You can try, but the quadratic will not factor, so, using the quadratic formula, where \(a=1, b=2\) and \(c=-4\), we get:

\[x=\frac{-2 \pm \sqrt{2^2-4(1)(-4)}}{2(1)}\] \[x=\frac{-2 \pm \sqrt{20}}{2}\] \[x=\frac{-2 \pm2 \sqrt{5}}{2}\] \[x=-1\pm \sqrt{5}\]

or we can say:

\[x=-1+\sqrt{5} \;\text{or}\; x=-1-\sqrt{5}\]

Best Fit

A projectile is launched from a pad that is \(6\) feet above ground. As the projectile moves up and eventually lands on the ground, the distance the projectile is from the ground, \(d\), is recorded in the table below. Assuming the distance the projectile is from the ground at time \(t\) in seconds forms a quadratic function, write an equation for it.

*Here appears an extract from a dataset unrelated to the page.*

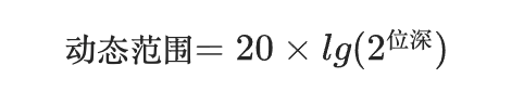 量化位深是对模拟音频信号的幅度轴进行数字化,它决定了模拟信号数字化以后的动态范围。比如,8 bit 位深可以拥有 48 分贝的动态范围,16 bit位深可以拥有 96 分贝的动态范围,24 bit 位深可以拥有 144 分贝的动态范围,32 bit 位深可以拥有 192 分贝的动态范围。这里位深和动态范围的数值对应关系的计算公式可以从上文声压级的计算公式推导而来。位深体现的是能表示的值的范围,比如 16 bit 能表示的最大值是 2^16- 1 = 65535,那么取其最大值就能计算它能表示的最大声压级:最大声压级 = 20 × lg(65535) = 96.33。所以 16 bit 的位深可以最大表示 96 分贝。

\[\begin{array}{|c|c|c|} \hline \text{t (sec.)} & \text{d (ft.)} \\ \hline \text{0} & \text{6} \\ \hline \text{2} & \text{198} \\ \hline \text{5} & \text{246} \\ \hline \text{8} & \text{6} \\ \hline \end{array}\]

Input the time in L1 and the distance in L2 by entering STAT then EDIT on your graphing calculator. Since we are told the data fits a quadratic function, enter STAT then over to CALC and enter 5:QuadReg. A summary of what you did will appear on the display. Scroll down to Calculate and the quadratic equation will appear.

The answer is \(y=-16x^2 +128x+6\) so, in function form, we have \(d(t)=-16t^2+128t+6\).